- Developers: Titan Computer Products, Wesley Huntress
- Publisher: Edu-Ware
- Platform: Apple II
- Release: 1982
- Genre: Flight simulator
- Mode: Single player

= Rendezvous: A Space Shuttle Simulation =

1982 video game

Rendezvous: A Space Shuttle Simulation, is a space simulator published 1982 by Edu-Ware, and developed by Titan Computer Products and NASA scientist Wesley Huntress.

==Description==
Accompanied by a thick "Spacecraft Operations" manual with a chapter on use in the classroom, this flight simulator was marketed as being as educational as it was fun to play.

The simulation is centered on a typical Space Shuttle mission to service a space station. Mission phases include Earth Lift-Off, Orbital Rendezvous, Approach and Alignment and Docking.

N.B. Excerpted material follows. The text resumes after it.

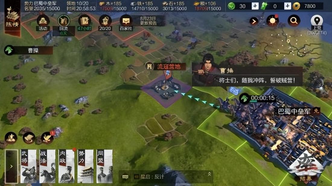 《战地无疆》的新手引导采用了类似三国志单机版的形式,每一章回都有内政提示,前期长达1小时以上的引导教程不仅教了兵种克制,还包括练级方式,资源地运营等诸多方面,新手能全面了解到这个游戏策略玩法。而《战地无疆》的内政发展方面没有采用率土like机制而采用了列王like机制,新手能白嫖很多加速建造时间,加上任务给的资源也比较多,造建筑基本不用思考,没有SLG基础的玩家玩起来也不难。

It was released for the Apple II in 1982, receiving positive feedback from reviewers.

==Reception==
Stanley Greenlaw reviewed the game for Computer Gaming World, and stated that "Rendezvous is educational while being entertaining. Teachers will find it a valuable teaching tool in the areas of General Science, Earth Science, and Physics. As entertainment the simulation will appeal to gamers who enjoy mental challenges (such as those involved in setting up the orbital rendezvous) as well as to gamers who enjoy hand-eye co-ordination challenges (such as will be faced in the approach and docking segments). Rendezvous is a welcome addition to the educational and entertainment software field."